Comment 7 George Staikos 2003-09-28 00:08:15 UTC
Subject: kdelibs/kio/misc/kssld

CVS commit by staikos: 

Add workaround for annoying server configuration, perhaps against my better
judgement.  I doubt I will make many more changes than this one for this type
of setup.

CCMAIL: 64947-done@bugs.kde.org


  M +21 -1     kssld.cpp   1.23
  M +1 -0      kssld.h   1.12


--- kdelibs/kio/misc/kssld/kssld.cpp  #1.22:1.23
@@ -236,5 +236,5 @@ KSSLCNode *node;
         n->permanent = permanent;
         // remove the old one
-        cacheRemoveByCN(KSSLX509Map(n->cert->getSubject()).getValue("CN"));
+        cacheRemoveBySubject(n->cert->getSubject());
         certList.prepend(n); 
 
@@ -368,4 +368,24 @@ KSSLCNode *node;
 
 return false;
+}
+
+
+bool KSSLD::cacheRemoveBySubject(QString subject) {
+KSSLCNode *node;
+bool gotOne = false;
+
+        for (node = certList.first(); node; node = certList.next()) {
+                if (node->cert->getSubject() == subject) {
+                        certList.remove(node);
+                        cfg->deleteGroup(node->cert->getSubject());
+                        searchRemoveCert(node->cert);
+                        delete node;
+                        gotOne = true;
+                }
+        }
+
+        cacheSaveToDisk();
+
+return gotOne;
 }
 

--- kdelibs/kio/misc/kssld/kssld.h  #1.11:1.12
@@ -63,4 +63,5 @@ k_dcop:
 
   bool cacheRemoveByCN(QString cn);
+  bool cacheRemoveBySubject(QString subject);
   bool cacheRemoveByCertificate(KSSLCertificate cert);
                


Comment 8 Oliver Bausinger 2003-09-28 12:20:08 UTC
Subject: Re:  kssl stores exactly ONE certificate

i'm sorry I didn't mean to annoy you :-).
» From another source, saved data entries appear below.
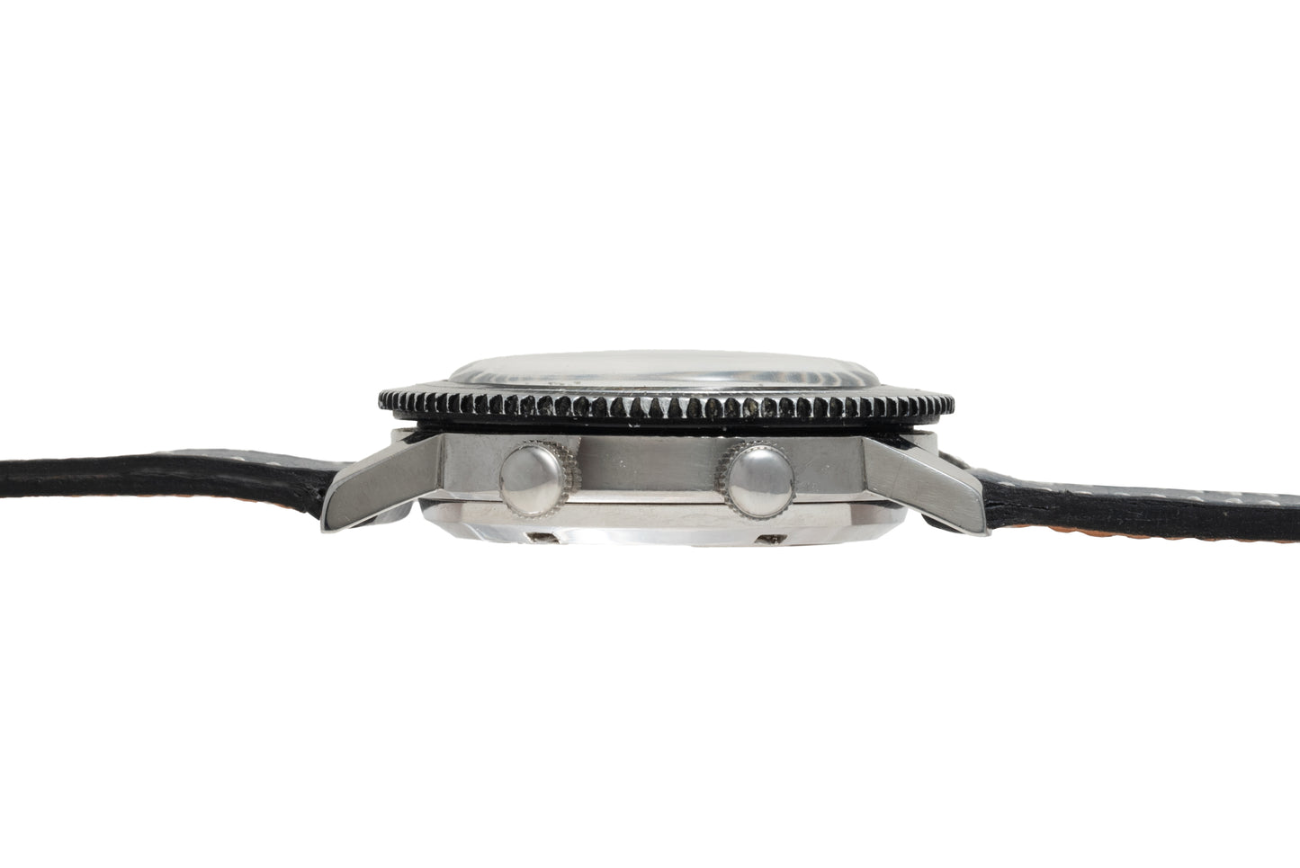1963 saw the launch of the Chronomaster, a chronograph christened on its dial with three words: “Chronomaster (or, sometimes “Chronograph”),” “Aviator,” and “Sea Diver.” This unique design was aimed squarely at the mid-20th century adventurer, and featured 200m of water resistance, plus a chronograph, a unique count-up dive bezel with additional 12-hour GMT scale, and a regatta countdown timer. (Certain versions also included a date window.)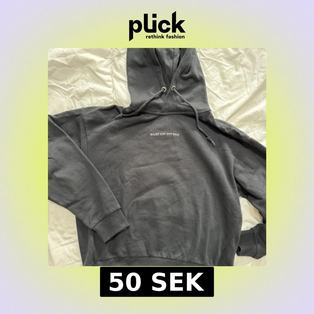 Säljer en svart hoodie med texten 'MAKE ART NOT WAR' på framsidan och ett stort fredsmärke på baksidan. Hoodien har en justerbar huva och långa ärmar med ribbade muddar.
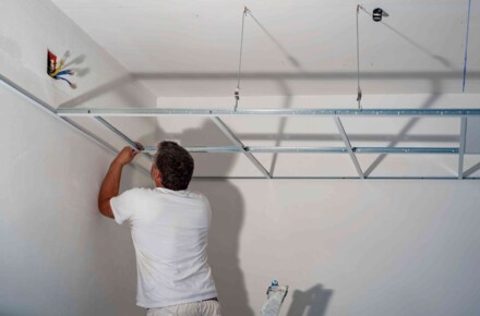 Montaż sufitu podwieszanego – konstrukcja z profili i płyt

Thanks anyway for the patch because
it fixes a regression from 3.1. 
And I don't think that this server setup is so strange. Having a pop and imap 
server on the same machine is not so uncommon. And as different servers can 
be considered different entities it's not insane to issue different 
certificates for them. (For example, when installing the courier suite it 
issues different certs for pop, imap and stmp).
But now I stop wasting your time :-) Thanks again.